Она бросилась было обтирать его мундирчик рукавами своей кофточки, но Женя хмуро отстранил ее и проворчал сердито:
– Ну, большая беда! Ведь я – не Гарволин, у меня не одна перемена.
– Это все я виновата, – горестно говорила Шаня, – мне бы надо было вперед пойти. Экая я дура!
– Оставь ты, пожалуйста, мужицкую манеру бранить себя! – крикнул Женя.
Шаня с удивлением посмотрела на него.
– Чего ты? ведь я не тебя!
– Гораздо естественнее других ругать, чем себя.
– Ты испугался, Женечка?
– Вовсе не испугался, – я вздрогнул от неожиданности. У меня нервы не из канатов. Твои собаки дождутся, что я их задушу руками.
– Ну да, задушишь, – а сам убежал.
– Да ведь они могли быть бешеными. Глупо драться с собаками, их на дуэль не вызовешь.

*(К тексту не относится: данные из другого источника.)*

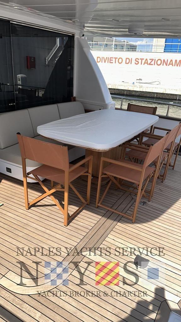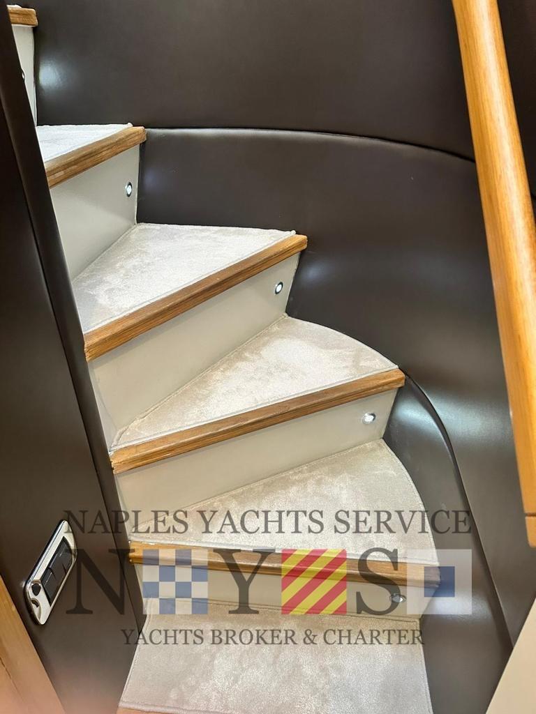 Alarme moteur, Alarme de pompe de cale, Eau sous pression, Douche de cockpit, Double barre à roue, Flaps hydrauliques, Lavage de chaine, Éclairage de courtoisie, Spots sous-marins, Passerelle, Plateforme arrière, Pompe de cale automatique, Cockpit en teck, Prise de quai, Onduleur, Guindeau électrique, Echelle de bain, table de cockpit, Winch électrique avant.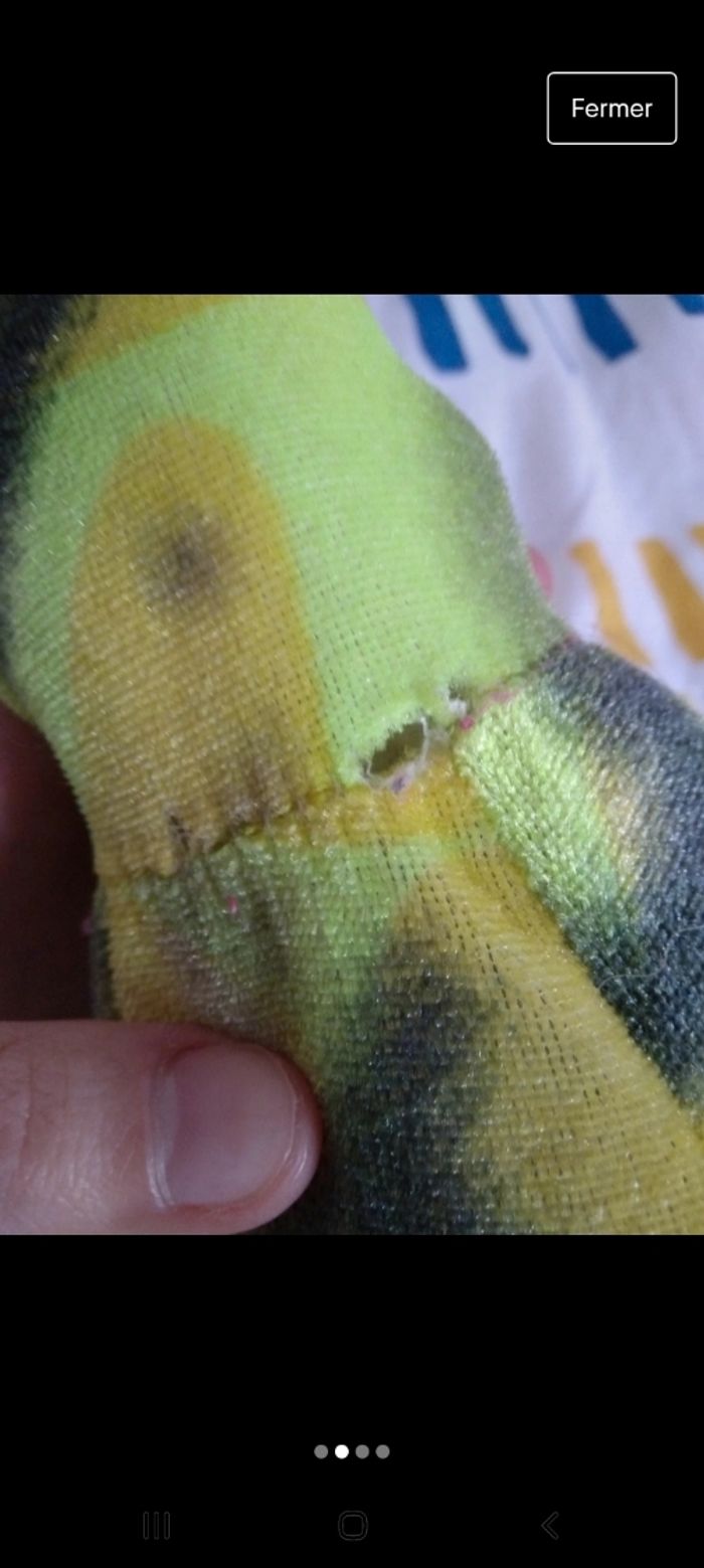 Peluche gagnée lors d'une fête foraine. Présente plusieurs déchirures, est assez abîmée. Bon état.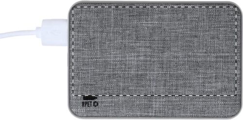 USB power bank in plastica RPET con parte anteriore in tessuto di poliestere RPET. Batteria da 5000 mAh, 2 porte di ricarica USB e 1 USB-C. Porte di ingresso Micro USB e USB-C. Incluso il cavo di ricarica USB.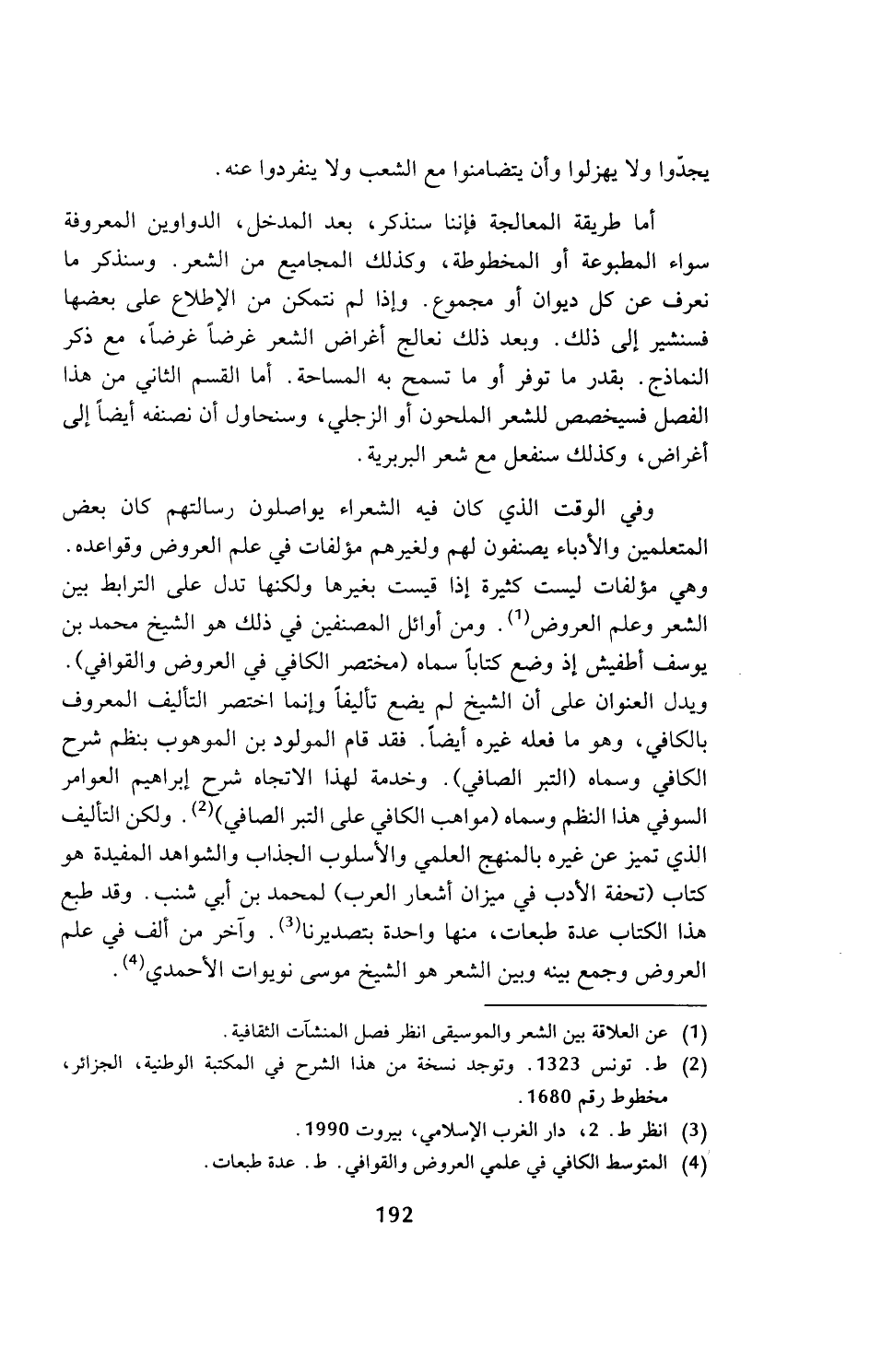 وفي الوقت الذي كان فيه الشعراء يواصلون رسالتهم كان بعض المتعلمين والأدباء يصنفون لهم ولغيرهم مؤلفات في علم العروض وقواعده. وهي مؤلفات ليست كثيرة إذا قيست بغيرها ولكنها تدل على الترابط بين الشعر وعلم العروض (¬1). ومن أوائل المصنفين في ذلك هو الشيخ محمد بن يوسف أطفيش إذ وضع كتابا سماه (مختصر الكافي في العروض والقوافي). ويدل العنوان على أن الشيخ لم يضع تا ليفا وإنما اختصر التأليف المعروف بالكافي، وهو ما فعله غيره أيضا. فقد قام المولود بن الموهوب بنظم شرح الكافي وسماه (التبر الصافي). وخدمة لهذا الاتجاه شرح إبراهيم العوامر السوفي هذا النظم وسماه (مواهب الكافي على التبر الصافي) (¬2). ولكن التأليف الذي تميز عن غيره بالمنهج العلمي والأسلوب الجذاب والشواهد المفيدة هو كتاب (تحفة الأدب في ميزان أشعار العرب) لمحمد بن أبي شنب. وقد طبع هذا الكتاب عدة طبعات، منها واحدة بتصديرنا (¬3). وآخر من ألف في علم العروض وجمع بينه وبين الشعر هو الشيخ موسى نويوات الأحمدي (¬4).

Шаня захохотала и долго потешалась, представляя, как Женя стреляется с Барбосом. Женя натянуто улыбался. Шаня повела его к яблоням, во фруктовый сад.
– Вот у вас свои яблоки, а мы должны покупать, – сказал он Шане притворно-беспечным голосом.
Но он чувствовал, что голос его вздрагивает, и это было ему досадно.
– А у вас варят варенье? – спросила Шаня.
– Ну кто же в городе варит варенье! – пренебрежительно сказал Женя. – Это в деревне еще ничего, да и то, в сущности, это мещанство.
– А вот моя мама варит.
– Ну, у вас совсем другие нравы, – объяснил Женя.
– Ну конечно, – согласилась Шаня, – мы не по-вашему живем, – мы попросту, без затей.
Женя никак не мог отделаться от подозрения, что Шанька смеется над ним. Подсолнечники огорода, который был разведен Самсоновым за фруктовым садом, глупо пялились на него и говорили, казалось:
– Сплоховал, брат.
– Знаешь, – начал он объяснять, – я потому вздрогнул, что у меня нервы расстроены.
– Чем расстроены? – спросила Шаня.
– Ах, Шанечка, как ты не понимаешь! Я не девочка. Мне надо подумать о будущем, – в моих руках лежит и твоя судьба.
– Думают-то только знаешь кто? – спросила Шаня со смехом. – Индейские петухи да дураки.
Женя нахохлился.
– Все у тебя глупые шутки. Что ж, я – дурак, по-твоему?
– Ах, Господи, уж и рассердился! – воскликнула Шаня, кокетливо повертываясь к нему. – И вовсе не нервы, а просто ты – барчук изнеженный. Вот у тебя какая кожица тонкая. А вот я – толстокожая, у меня нет нервов.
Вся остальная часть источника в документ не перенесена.